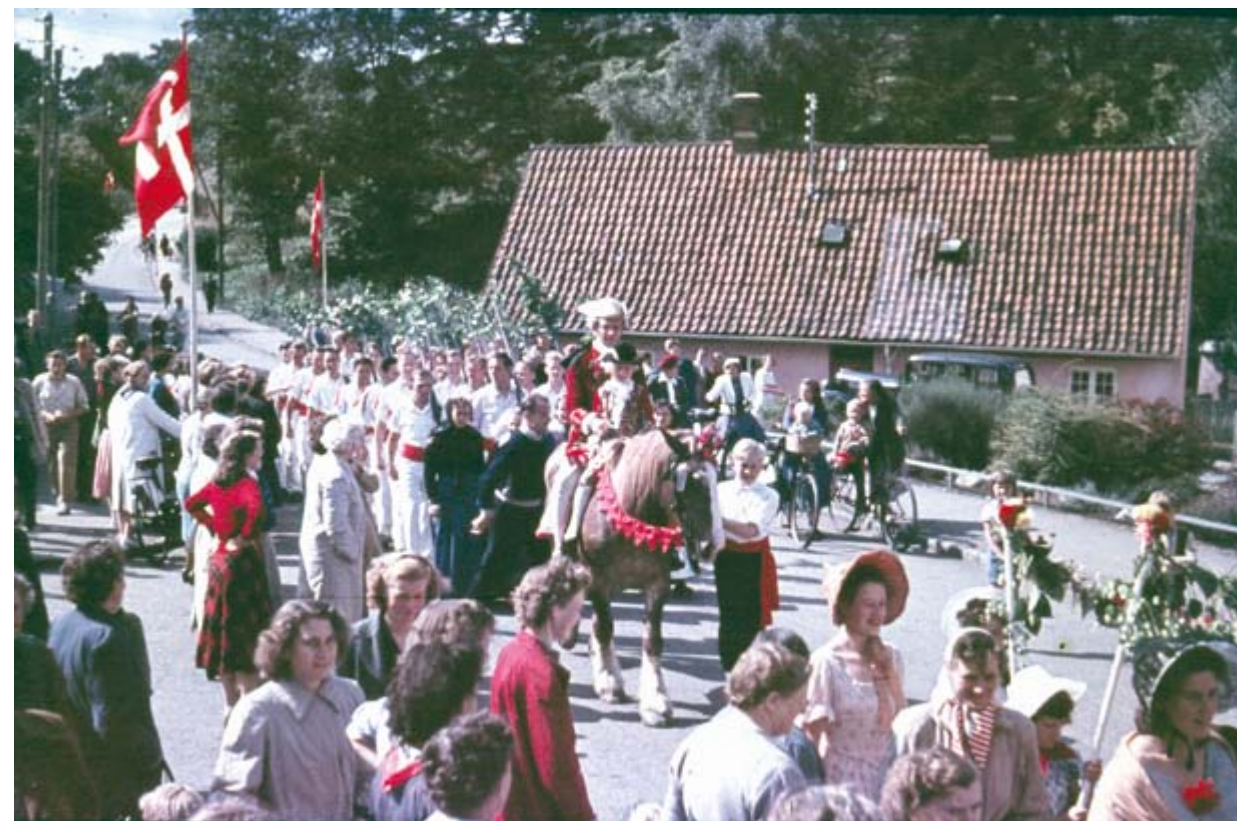
Det store velkomstoptog, majgreven og hans søn til hest foran et regiment "bøssemagere".

Skolens nye undervisningsbygning blev anbragt på grundens nordvestside langs skovvejen, efter at
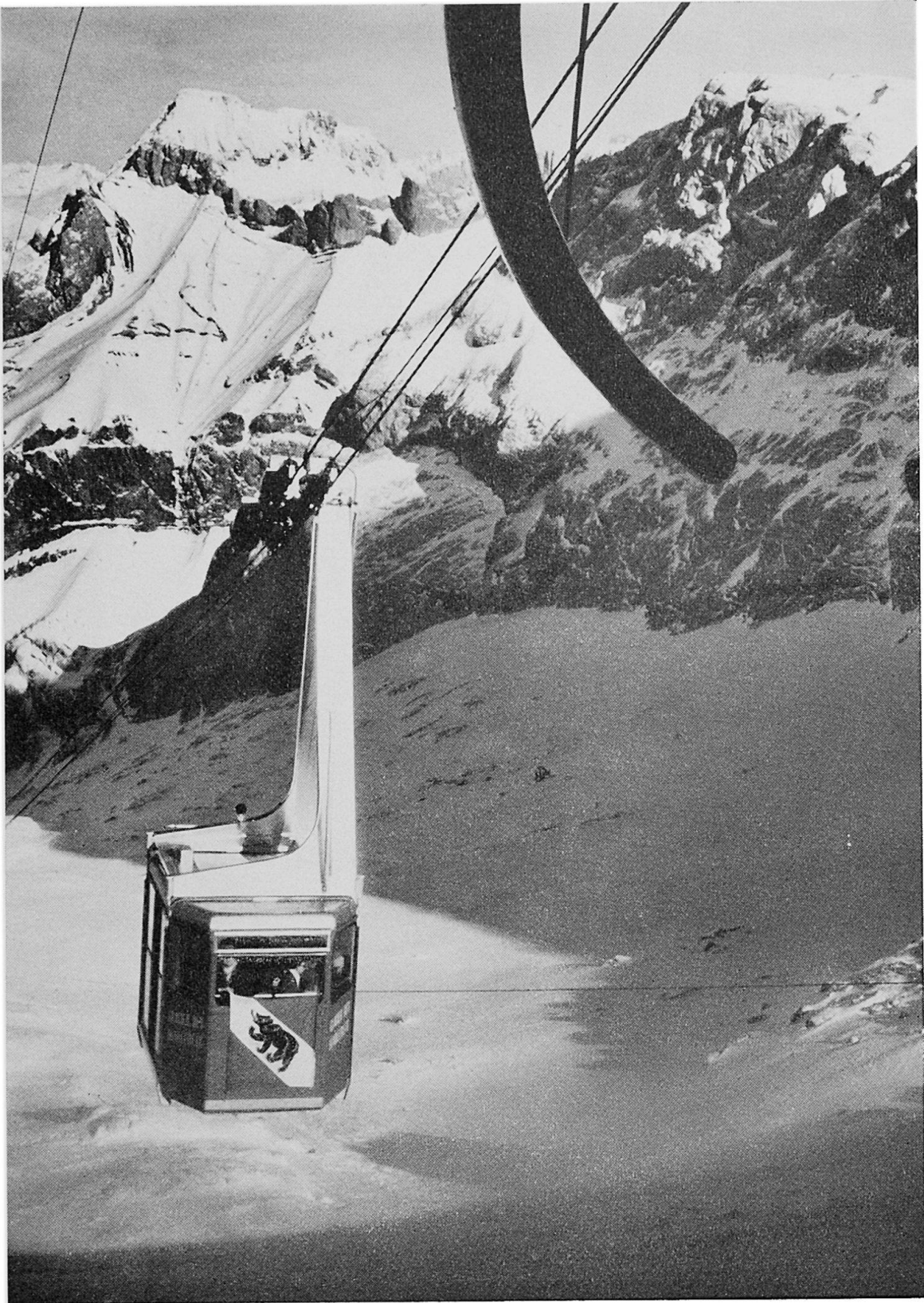
Hochgebirgsseilbahnen führen den Touristen heute bis in die Region des ewigen Schnees und ermöglichen ihm selbst im Sommer Skiabfahrten. Auf unserm Bild: Die 1963/64 in Betrieb genommene Luftseilbahn Reuschalp bei Gsteig—Diableretsgletscher.
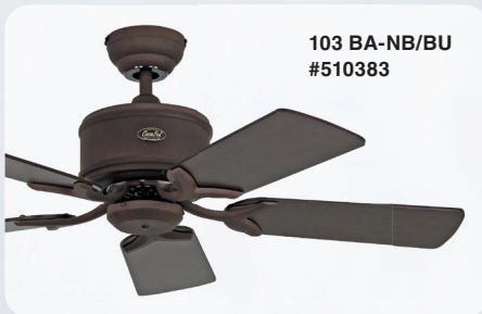
103 BA-NB/BU #510383
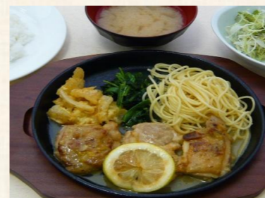
チキンソテー定食
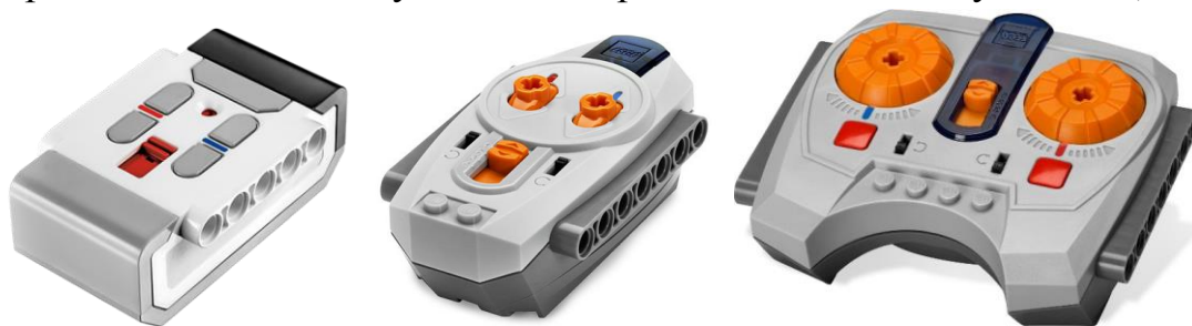
Рисунок 2. «Примеры распространенных ИК-пультов»
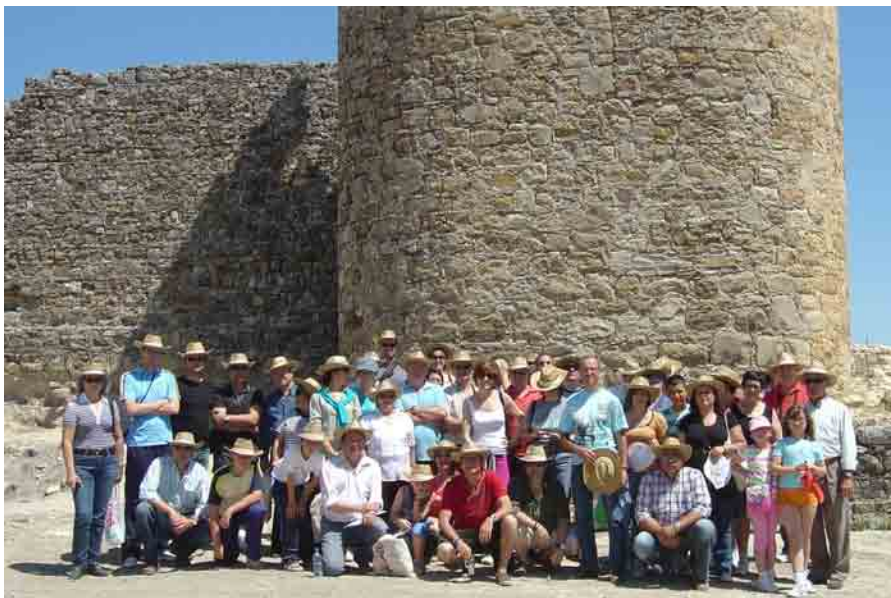
Alumnos de 5º curso del colegio público Valverde y Perales.
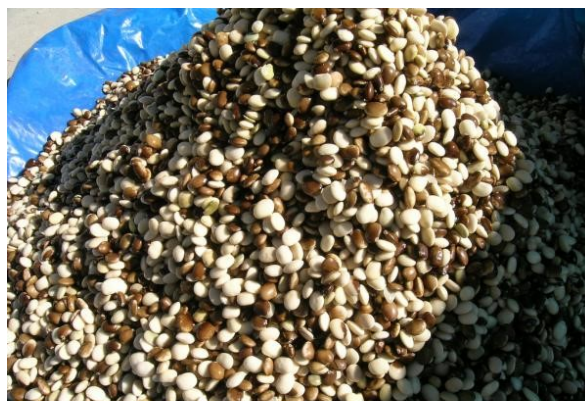
Granos de tarwi

nutricional de cada producto andino que luego estará disponible en línea para que sea de libre acceso", agregó Delgadillo.
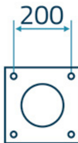
maszt / mast 13-18m
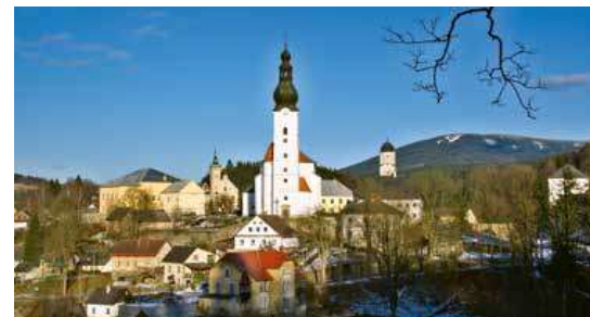
Kouzelný pohled na centrum Branné z cesty do Starého Města

okrajem náměstí a svými nejvyššími vrcholy sahá do nadmořské výšky téměř 800 metrů. Právě přes nejvyšší vrchol vede červenou značkou provázená cesta, mířící do horského střediska Petříkov. Brzy narazí na řadu řopíků a opevnění. Není bez zajímavosti, že právě zde, na úbočí hory Jelen (799 m) a Kutného vrchu (798 m), byly objeveny stopy zřejmě nejstaršího dolování rud na Staroměstsku.
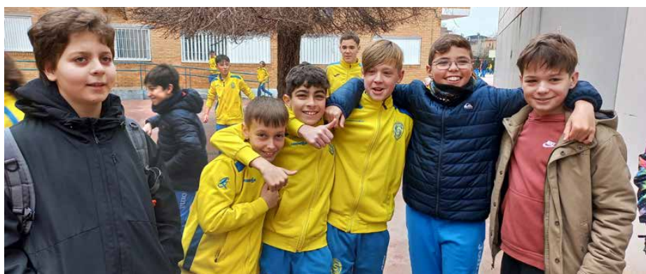
Wyjazd był doskonałą okazją do zawarcia nowych, międzynarodowych znajomości

> [Work instructions]
I would like the material above returned exactly as it stands, without its pictures.

> [Problem solution]
Det store velkomstoptog, majgreven og hans søn til hest foran et regiment "bøssemagere".

Skolens nye undervisningsbygning blev anbragt på grundens nordvestside langs skovvejen, efter at
Hochgebirgsseilbahnen führen den Touristen heute bis in die Region des ewigen Schnees und ermöglichen ihm selbst im Sommer Skiabfahrten. Auf unserm Bild: Die 1963/64 in Betrieb genommene Luftseilbahn Reuschalp bei Gsteig—Diableretsgletscher.
103 BA-NB/BU #510383
チキンソテー定食
Рисунок 2. «Примеры распространенных ИК-пультов»
Alumnos de 5º curso del colegio público Valverde y Perales.
Granos de tarwi

nutricional de cada producto andino que luego estará disponible en línea para que sea de libre acceso", agregó Delgadillo.
maszt / mast 13-18m
Kouzelný pohled na centrum Branné z cesty do Starého Města

okrajem náměstí a svými nejvyššími vrcholy sahá do nadmořské výšky téměř 800 metrů. Právě přes nejvyšší vrchol vede červenou značkou provázená cesta, mířící do horského střediska Petříkov. Brzy narazí na řadu řopíků a opevnění. Není bez zajímavosti, že právě zde, na úbočí hory Jelen (799 m) a Kutného vrchu (798 m), byly objeveny stopy zřejmě nejstaršího dolování rud na Staroměstsku.
Wyjazd był doskonałą okazją do zawarcia nowych, międzynarodowych znajomości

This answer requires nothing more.